The Shenley River (in French: rivière Shenley) is a tributary of the west bank of the Chaudière River at Saint-Martin which flows northward to empty on the shore south of the St. Lawrence River. It flows in the municipalities of Saint-Honoré-de-Shenley and Saint-Martin, in the Beauce-Sartigan Regional County Municipality, in the administrative region of Chaudière-Appalaches, in Quebec, in Canada.

== Geography ==
The main neighboring watersheds of the Shenley River are:
- north side: Roy brook, Dutil brook, Pozer River, Chaudière River
- east side: Chaudière River
- south side: rivière de la Grande Coudée, Petit Portage River;
- west side: Toinon River, Le Petit Shenley, Bras Saint-Victor.

The Shenley River originates from several tributaries that drain the area south of Vaseux Lake, northeast of the village of Saint-Honoré-de-Shenley. Its source is located 3.6 km northeast of the center of the village of Saint-Honoré-de-Shenley 2.5 km north of route 269 and south of the center of the village of Saint-Benoît-Labre.

From its source, the Shenley River flows over 12.3 km divided into the following segments:
- 0.3 km towards the south-east, up to the 4th Rang Nord that it intersects at 2.4 km north of route 269;
- 3.5 km south-east, to an old country road, which it cuts at 0.9 km south of route 269;
- 3.9 km southeasterly, to the 2nd Rang de Shenley North;
- 4.6 km southeasterly, crossing route 269 and 4th rue West, to its confluence.
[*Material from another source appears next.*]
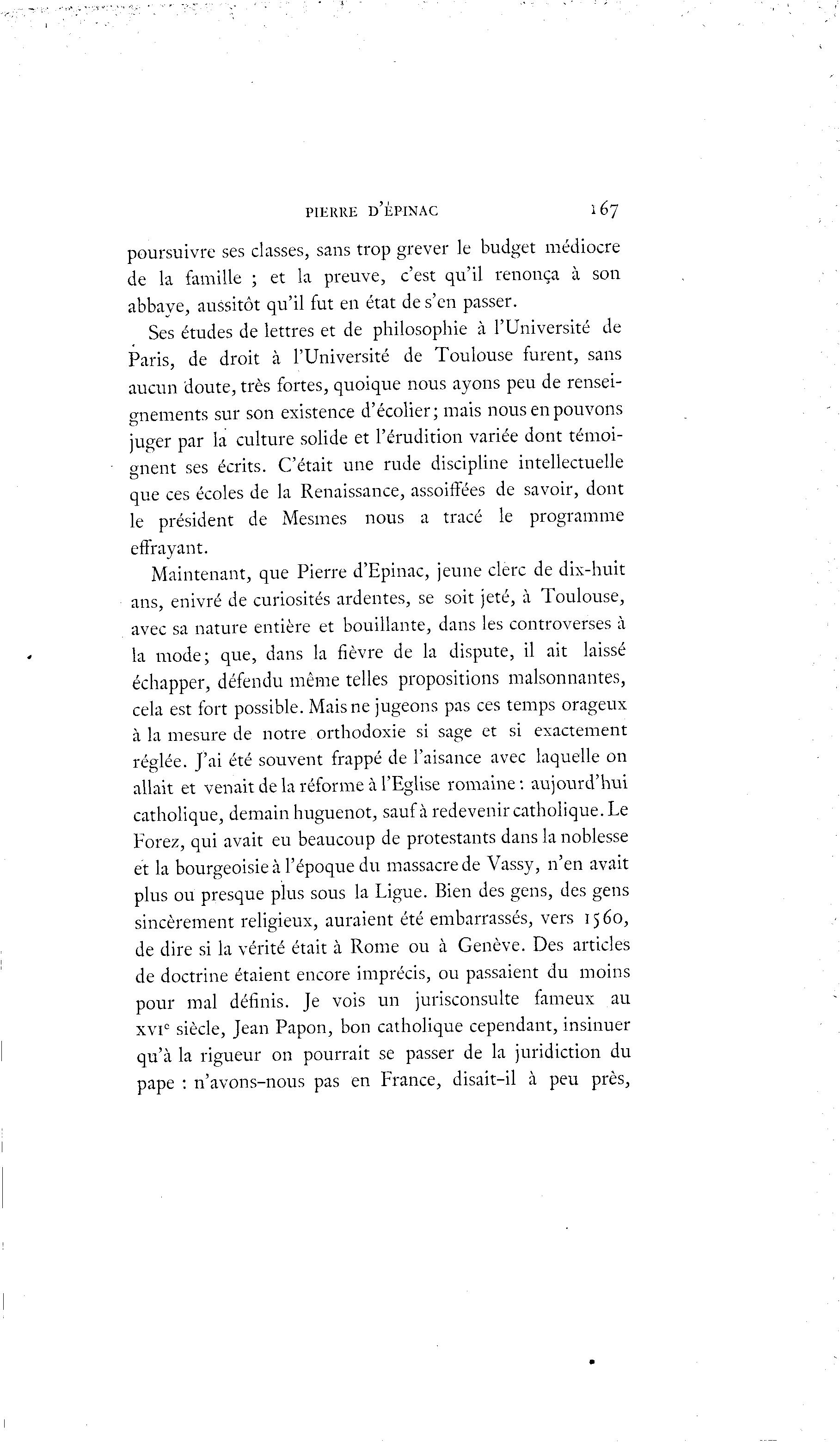 PIERRE D'ÈPINAC 1 67 poursuivre ses classes, sans trop grever le budget médiocre de la famille ; et la preuve, c'est qu'il renonça à son abbaye, aussitôt qu'il fut en état de s'en passer. Ses études de lettres et de philosophie à l'Université de Paris, de droit à l'Université de Toulouse furent, sans aucun doute, très fortes, quoique nous ayons peu de rensei- gnements sur son existence d'écolier; mais nous en pouvons juger par la culture solide et l'érudition variée dont témoi- gnent ses écrits. C'était une rude discipline intellectuelle que ces écoles de la Renaissance, assoiffées de savoir, dont le président de Mesures nous a tracé le programme effrayant. Maintenant, que Pierre d'Epinac, jeune clerc de dix-huit ans, enivré de curiosités ardentes, se soit jeté, à Toulouse, avec sa nature entière et bouillante, dans les controverses à la mode; que, dans la fièvre de la dispute, il ait laissé échapper, défendu même telles propositions malsonnantes, cela est fort possible. Mais ne jugeons pas ces temps orageux à la mesure de notre orthodoxie si sage et si exactement réglée. J'ai été souvent frappé de l'aisance avec laquelle on allait et venait de la réforme à l'Eglise romaine: aujourd'hui catholique, demain huguenot, sauf à redevenir catholique. Le Forez, qui avait eu beaucoup de protestants dans la noblesse et la bourgeoisie à l'époque du massacre de Vassy, n'en avait plus ou presque plus sous la Ligue. Bien des gens, des gens sincèrement religieux, auraient été embarrassés, vers 1560, de dire si la vérité était à Rome ou à Genève. Des articles de doctrine étaient encore imprécis, ou passaient du moins pour mal définis. Je vois un jurisconsulte fameux au xvi c siècle, Jean Papon, bon catholique cependant, insinuer qu'à la rigueur on pourrait se passer de la juridiction du pape : n'avons-nous pas en France, disait-il à peu près,

The Shenley River empties on the west bank of the Chaudière River at Saint-Martin. Its confluence is 1.4 km upstream from the bridge in the village of Saint-Martin and downstream from the village of Saint-Gédéon-de-Beauce.

== Toponymy ==
The toponym "Shenley River" was formalized on December 5, 1968 at the Commission de toponymie du Québec.